= Data excerpt =
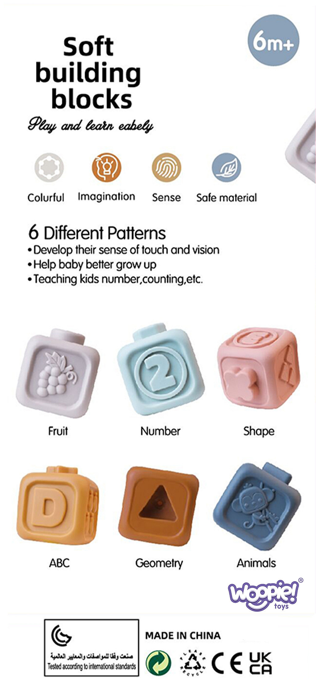 Ten kreatywny zestaw pastelowych klocków z cyferkami od marki WOOPIE jest idealnym wyborem dla najmłodszych dzieci, oferując wiele możliwości edukacyjnych i sensorycznych. Każdy z sześciu klocków wprowadza malucha w świat liczb, jednocześnie rozwijając różne zmysły i umiejętności. Klocki sensoryczne wykonane są z miękkiego, przyjaznego dla dziecka materiału, dzięki czemu mogą pełnić funkcję gryzaka, co przynosi ulgę podczas ząbkowania. Dodatkowo, te wszechstronne klocki mogą towarzyszyć dziecku również podczas kąpieli, dostarczając wiele radości w wodzie. Dzięki wypukłym, dużym liczbą zabawka ułatwia dzieciom pierwsze poznawanie liczb. Zabawka jest wszechstronna, można układać z niej wysoką wieżę, uczyć się liczb a także użyć jako bezpieczny dla dzieci gryzak.
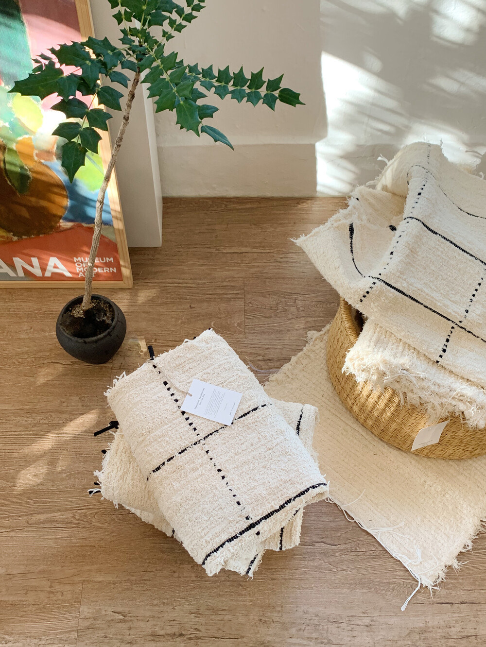 수작업으로 짜여진 러그로, 섬유산업에서 남은 원료를 재사용하여
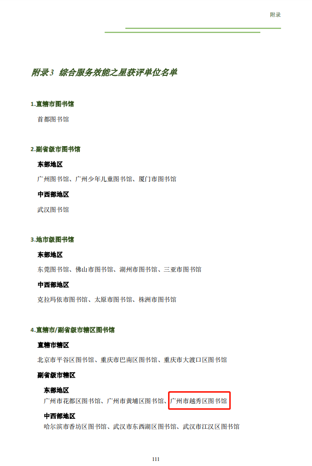 近日,《中国城市图书馆2019年度报告》出炉,越秀区图书馆获中国图书馆学会授予2019年度综合服务效能之星称号。
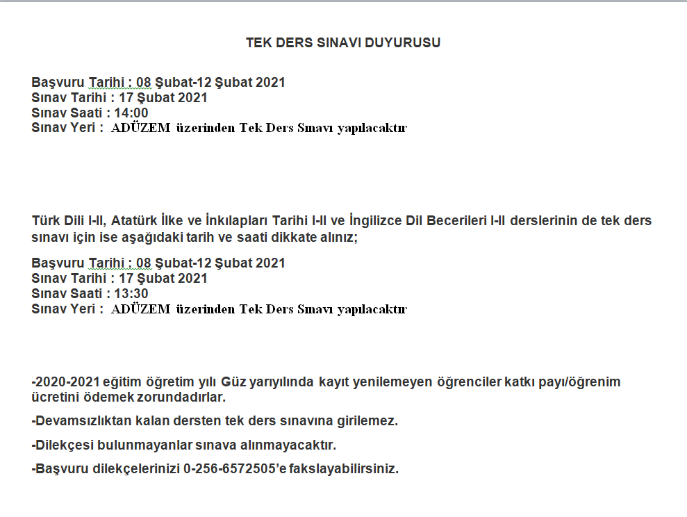 Yatay Geçiş Kontenjan ve İlan İşlemleri

= Exercise details =
Transcribe exactly the lines above, running from the one that contains "수작업으로 짜여진 러그로, 섬유산업에서 남은 원료를 재사용하여" through the final line of the listing, and skip every picture.

= Exercise solution =
 수작업으로 짜여진 러그로, 섬유산업에서 남은 원료를 재사용하여
 近日,《中国城市图书馆2019年度报告》出炉,越秀区图书馆获中国图书馆学会授予2019年度综合服务效能之星称号。
 Yatay Geçiş Kontenjan ve İlan İşlemleri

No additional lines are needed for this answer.